Le tsunami

Un camion de pompiers ouvre la voie. Derrière lui, sur une avenue du quartier des Beaux-Arts, à Alger, les forces de l’ordre avancent en désordre. Des chants et des drapeaux couvrent le bruit de la sirène. En ce 15 mars 2019, nouveau vendredi de manifestation contre le régime d’Abdelaziz Bouteflika, les policiers ont droit à une escorte euphorique des habitants. Le casque à la main, ils se laissent emporter par la foule. Certains filment, d’autres brandissent leurs matraques ou tirent en l’air et tout le monde finit par scander : « One, two, three, viva l’Algérie ! »

Un homme en polo rayé noir et blanc fond en larmes en embrassant un agent anti-émeute.

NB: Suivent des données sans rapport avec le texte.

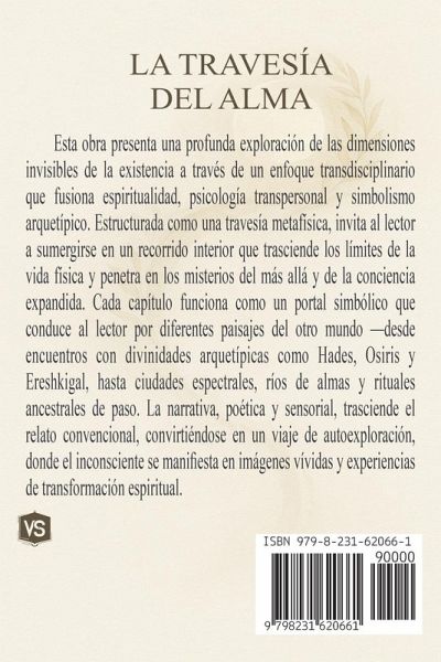 La Travesía del Alma - Crónicas del Más Allá Esta obra presenta una profunda exploración de las dimensiones invisibles de la existencia a través de un enfoque transdisciplinario que fusiona espiritualidad, psicología transpersonal y simbolismo arquetípico. Estructurada como una travesía metafísica, invita al lector a sumergirse en un recorrido interior que trasciende los límites de la vida física y penetra en los misterios del más allá y de la conciencia expandida. Cada capítulo funciona como un portal simbólico que conduce al lector por diferentes paisajes del otro mundo -desde encuentros con divinidades arquetípicas como Hades, Osiris y Ereshkigal, hasta ciudades espectrales, ríos de almas y rituales ancestrales de paso. La narrativa, poética y sensorial, trasciende el relato convencional, convirtiéndose en un viaje de autoexploración, donde el inconsciente se manifiesta en imágenes vívidas y experiencias de transformación espiritual. La obra se apoya en prácticas de sabiduría ancestral y en elementos de la naturaleza -como cristales, plantas y espejos- para ilustrar las múltiples formas de conexión entre el plano terrenal y los reinos sutiles. No se trata solo de una lectura sobre la muerte, sino sobre renacimiento, integración y eternidad.

Le gaz lacrymogène n’y est pour rien. On assiste à une « fraternisation spontanée malgré les ordres des chefs », observe Ahmed Rouadjia, professeur d’histoire contemporaine et de sociologie politique à l’université Mohamed-Boudiaf. « Cette fois-ci, je pense qu’une majorité de la police et de l’armée est favorable aux revendications. »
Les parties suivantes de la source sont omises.